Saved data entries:
>>>>

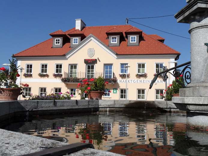 Marktplatz von Bad Wimsbach-Neydharting. (Kurzparkzone während der Woche). Langzeitparkplätze sind beim Bahnhof (3 Gehminuten vom Marktplatz) oder bei der Pfarrkirche (oberhalb Marktplatz).
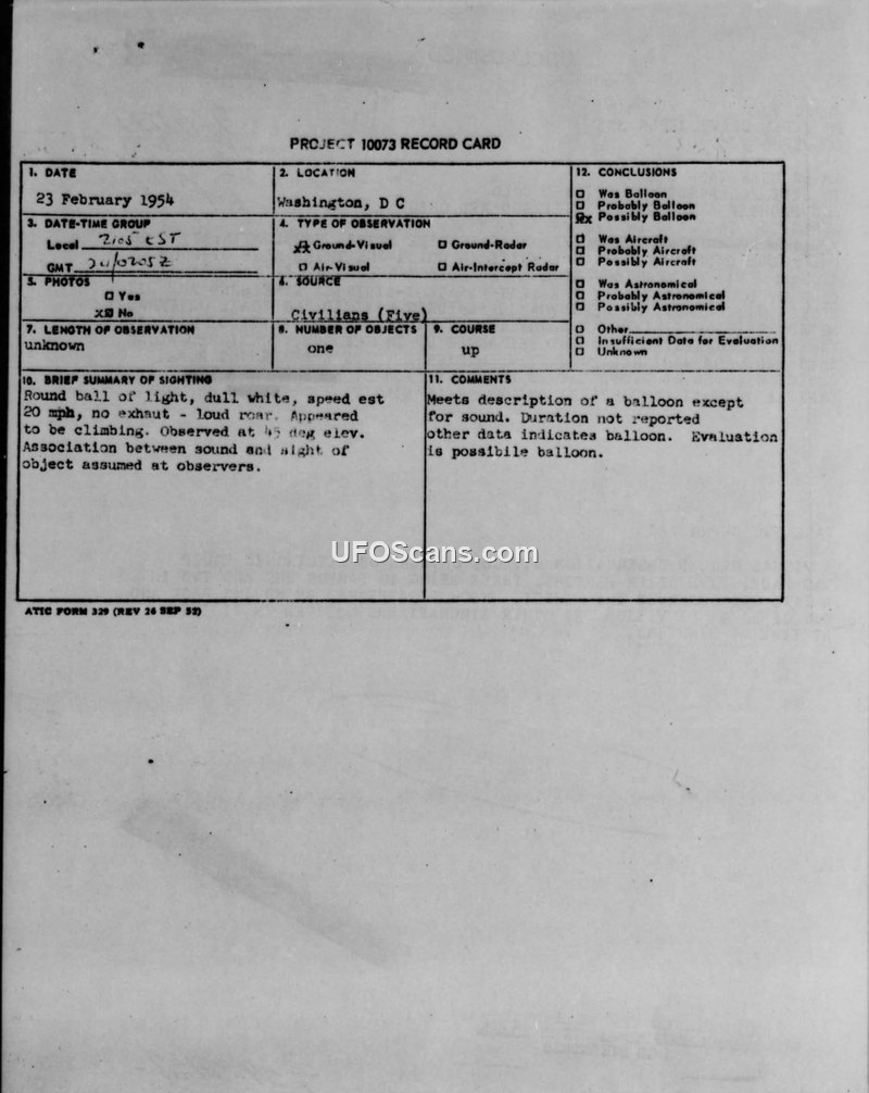 Project 10073 Record Card — Washington, D.C., 23 February 1954
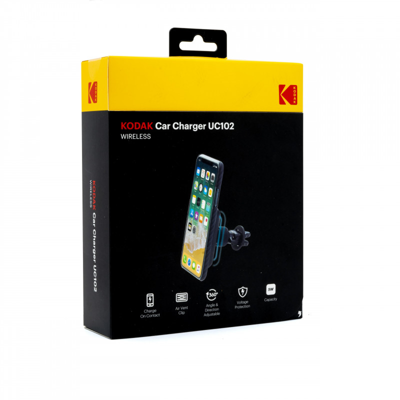 Držák do auta s vestavěnou indukční nabíječkou Kodak. Nabíječka dodává energii telefonu díky indukční technologii (Pokud má telefon funkci indukčního nabíjení, rychlé indukční nabíjení začne chvíli po vložení! Maximální nabíjecí výkon je až 5W).
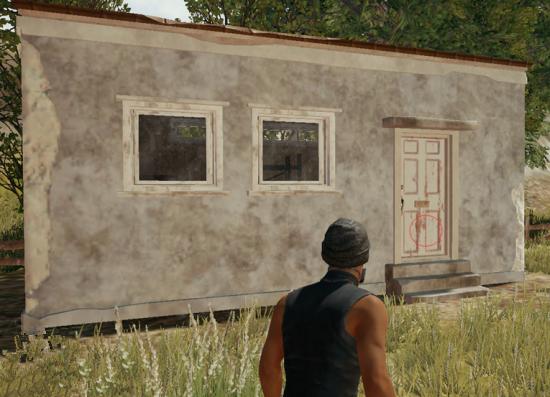 有些房子会有大窗户但很多都只有一个很小的窗户,大窗户是比较好扔进去的,但是小窗户就不是那么容易了。很多人会冒险选择去开门然后往里面扔手雷,这种有点经验的会在你开门的时候直接开枪打你了。高手们常用的方式是,先用枪在门的下方打出破洞,也就是上图红圈标示的地方。然后再拉手雷算好时间,往里面丢。这么做的优势是,你整个人一直在远距离的他没办法开门出来和你对枪,其次由于你一直在朝门打,敌人也不敢站在门附近往外扔手雷,很容易被子弹击倒。
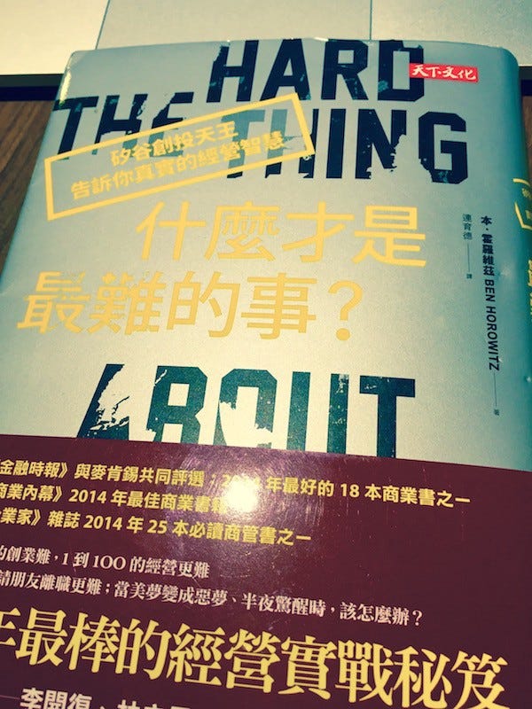 從 2010 開始走向創業的路,直到 2014年受到美國朋友推薦,我讀了【THE HARD THING ABOUT HARD THINGS】英文版,最近重新讀了一次中文版,創業過程當中的點點滴滴歷歷在目,寫下這篇文章的目的,除了提醒我自己,也希望能夠讓更多人從中了解你並不孤獨。
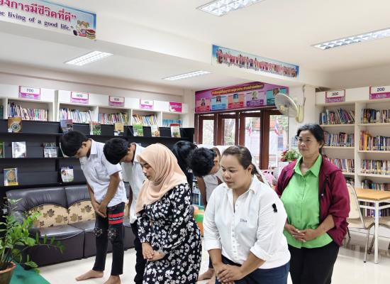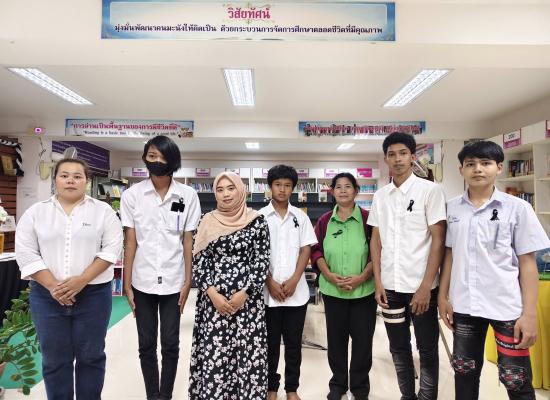 ห้องสมุดประชาชนอำเภอมะนัง นำนักศึกษาเข้าร่วมกิจกรรม ร้อยดวงใจ ทำริบบิ้นดำ ถวายอาลัย
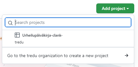 Siirry Tredu-organisaation sivulle luomaan uusi projekti (Go to tredu organization to create a new project).
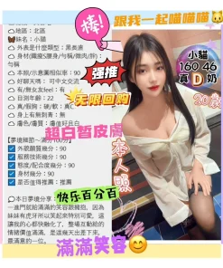 可配合 :毒龍,按摩,殘廢澡,LG(舌吻)依氣氛衛生而定,可親嘴,無套吹,口爆,吞精,舔蛋,冰火,變裝,絲襪,自慰秀,快餐,2S,包夜
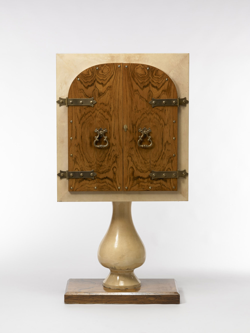 Giorgio Tura - Mobile bar modello "1208". Produzione Tura, Milano anni 70. Legno rivestito in pergamena verniciata al poliestere, guarnizioni e borchie in metallo nichelato, interno illuminabile con ripiani in vetro e specchi della manifattura CB Seveso. Dopo la morte del padre Aldo, Giorgio Tura proseguì l'attività con il marchio "Tura" (cm 80x154x44) (lievi difetti) Bibliografia: Tura - catalogo generale, n. 1208
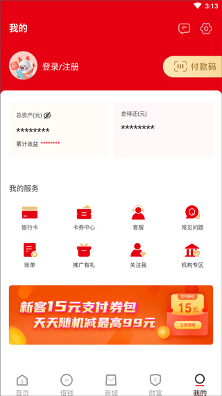 另外点击登录,登录账号后还可使用借钱、商城、财富等功能。
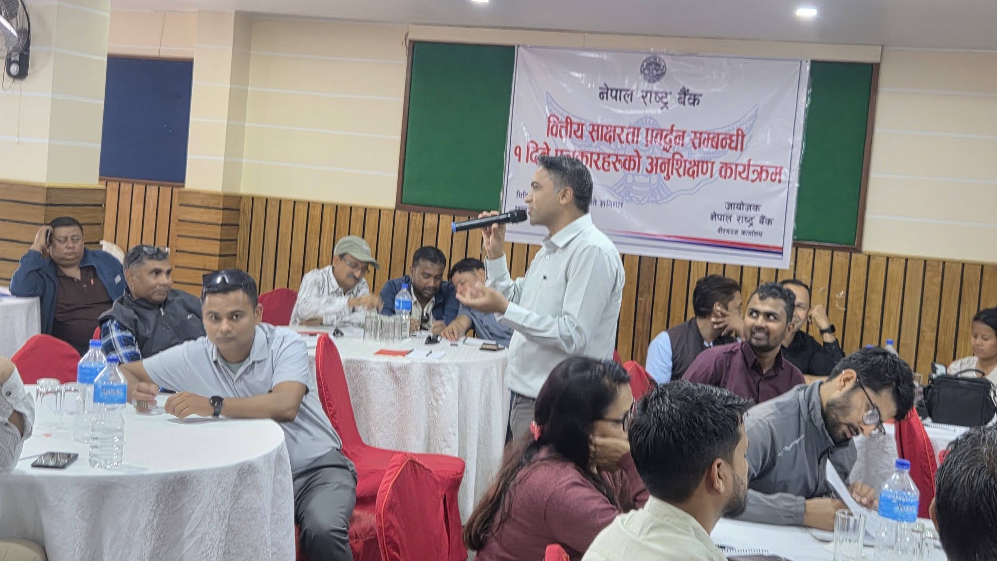 कार्यक्रममा बैंकका सहायक निर्दैशक बिनय केसरीले डिजिटल बैंकिङ्ग र सुरक्षाका वियायमा जानकारी दिनुहुँदै आधुनिक समयमा भुक्तानीका डिजिटल माध्यमहरू मोबाइल बैंकिङ्ग, इन्टरनेट बैंकिङ्ग, कार्ड र वालेटको सही प्रयोगबारे जानकारी दिनुभयो । साथै, उहाँले नेपालमा दैनिक ५४ वटा अनलाईन ठगीका घटना हुने गरेको भन्दै वित्तीय अपराध, ठगी र भ्रमबाट बच्न वित्तीय अनुशासन र सूचनाको संस्कृतिको विकास गर्नुपर्ने बताउनुभयो । उहाँले यसका लागि पत्रकारको महत्वपूर्ण भुमिका हुनेमा जोड दिनुभयो ।
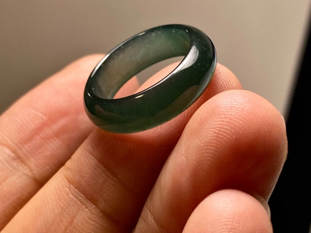 L12-178 ピンキーリング 氷種 氷青緑 7.5号 天然グアテマラ産 A貨 本翡翠 くりぬき リング
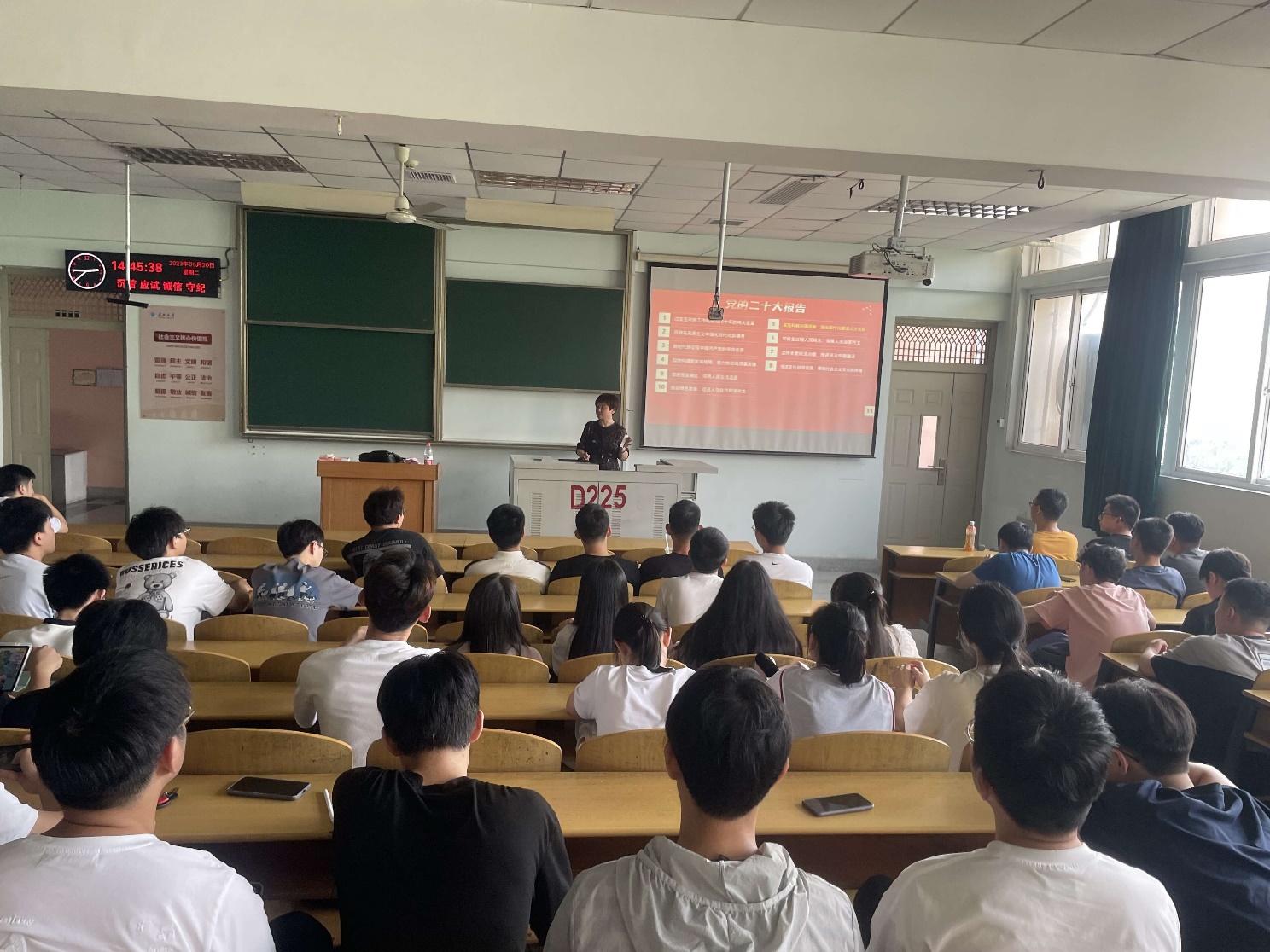 院长崔艳荣以《从ChatGPT人工智能看科技创新》为题作形势与政策报告,学院全体一年级研究生参会。

<<<<

What is needed: Reproduce, word for word, every line from the one that contains "L12-178 ピンキーリング 氷種" to the end of the data, including both ends; omit all pictures.

Exercise answer:
 L12-178 ピンキーリング 氷種 氷青緑 7.5号 天然グアテマラ産 A貨 本翡翠 くりぬき リング
 院长崔艳荣以《从ChatGPT人工智能看科技创新》为题作形势与政策报告,学院全体一年级研究生参会。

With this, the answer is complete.